Sunday, April 15, 2018

Government & Economic Systems Defined by Chuck Misak

With a goal to clarify the definitions of economic systems, the following definitions are provided:

Socialism, a socialist economy, is characterized by the government ownership of all means of production. They own the big factories, the transportation industry, the steel industry, and all other significant business. They (the government bureaucrats) decide what to produce, what size and shape, and how many. Then they set the non-negotiable price. And establish, set worker salaries and wages.

In capitalism, like in Denmark, Norway, Sweden, Germany and the U.S., the businesses are owned by private entities.

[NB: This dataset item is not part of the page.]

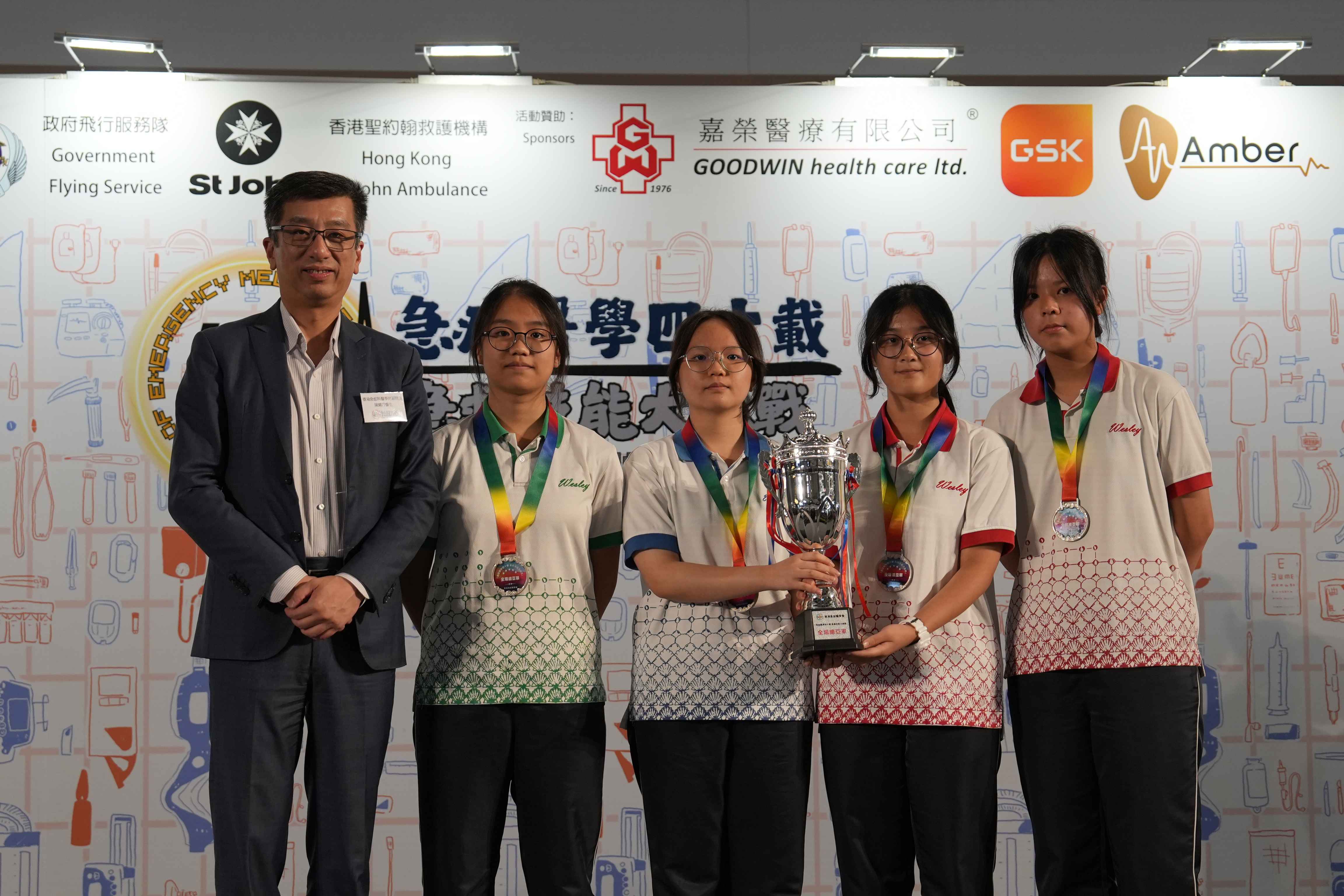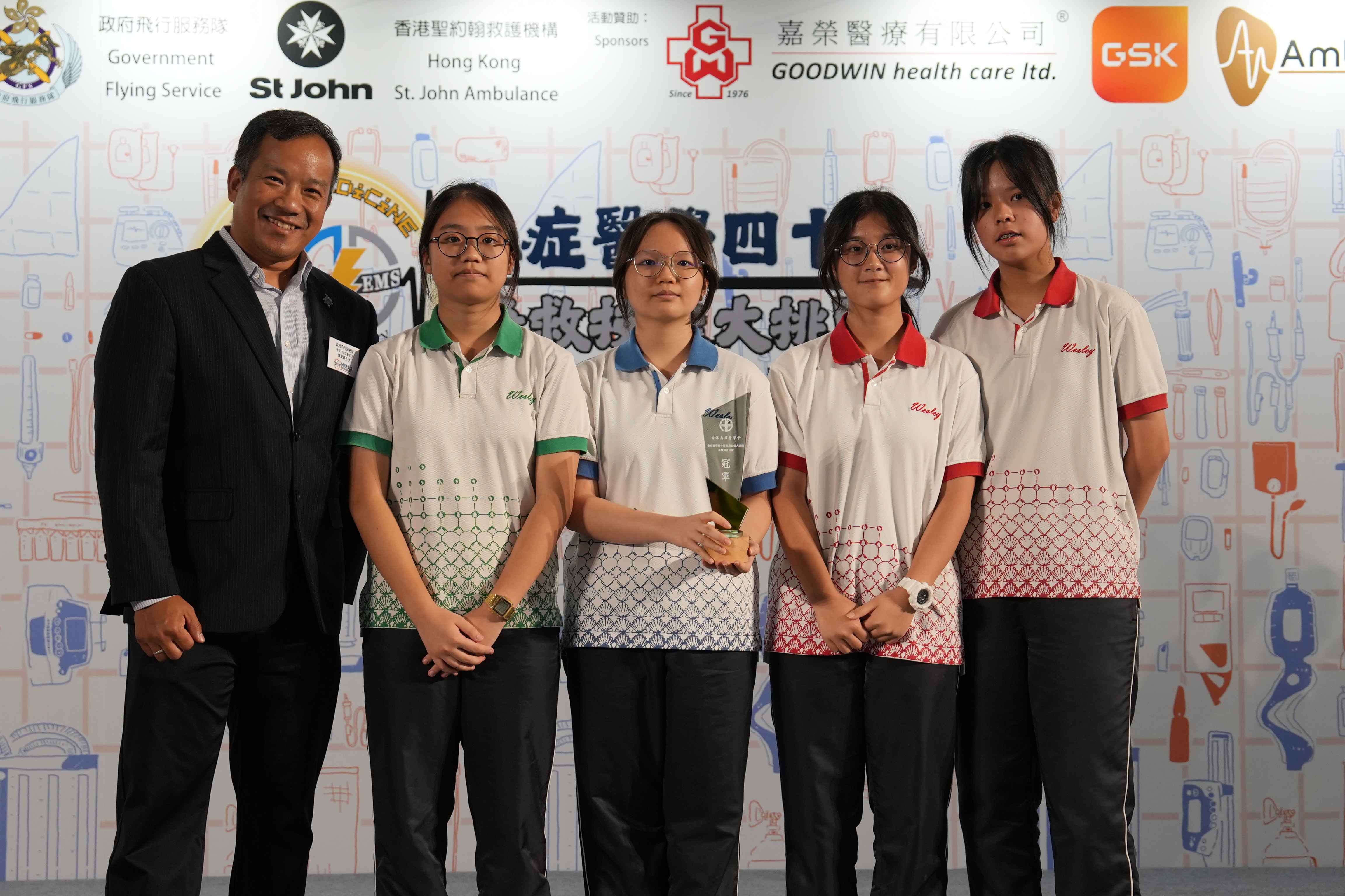 本校紅十字會會員5B王嘉雯、5D張莜、5D林穎俞、4D陳菀文於2025年9月21日參與由香港急症醫學會舉辦之「急症醫學四十載‧急救技能大挑戰」中學生急救比賽。同學於急救問答比賽中表現卓越,成績優異,獲得急救問答比賽冠軍,並在模擬場景比賽中表現出色,最後榮獲全場總亞軍。

They decide what to produce, what quantities, and what sizes. The price is determined in the open market place. If people don’t like the product, they don’t buy it and the company does something else or folds. Yes, many of these countries provide wide benefits to their citizens, paid for by their high rates of taxation. But this is NOT socialism. Listen to the words of the Danish Prime Minister at a Harvard Business School address: “I know that some people in the U.S. associate the Nordic model with some sort of socialism. Therefore, I want to make one thing clear: Denmark is far from a socialist planned economy. Denmark is a market economy.”

Communism, a paper system devised by Karl Marx, states one of the basis of communism is the complete abolition of private property. His major pronouncement was when communism existed the state would wither away. There would be no need for a state. This has never happened.

Milton Friedman, perhaps the greatest economist of the 20th century, stated that capitalism is the only system that has improved the lot of those in dire poverty. And, “there is no alternative way so far discovered to improve the lot ordinary people that can hold a candle to free enterprise.”


What is amazing is with the world’s largest experiment with socialism having failed —the Soviet Union—that anyone would advance it as a viable economic system.


1.     Many confuse governmental systems with economic systems. A example of a form of government would be a democracy, republic (U.S.)  a monarchy, or a dictatorship.

2.     We have all heard these Nordic countries called socialist because of the many benefits they provide their citizens. This is simply income redistribution, with benefits provided  to citizens of all economic classes. This is NOT the definition of socialism.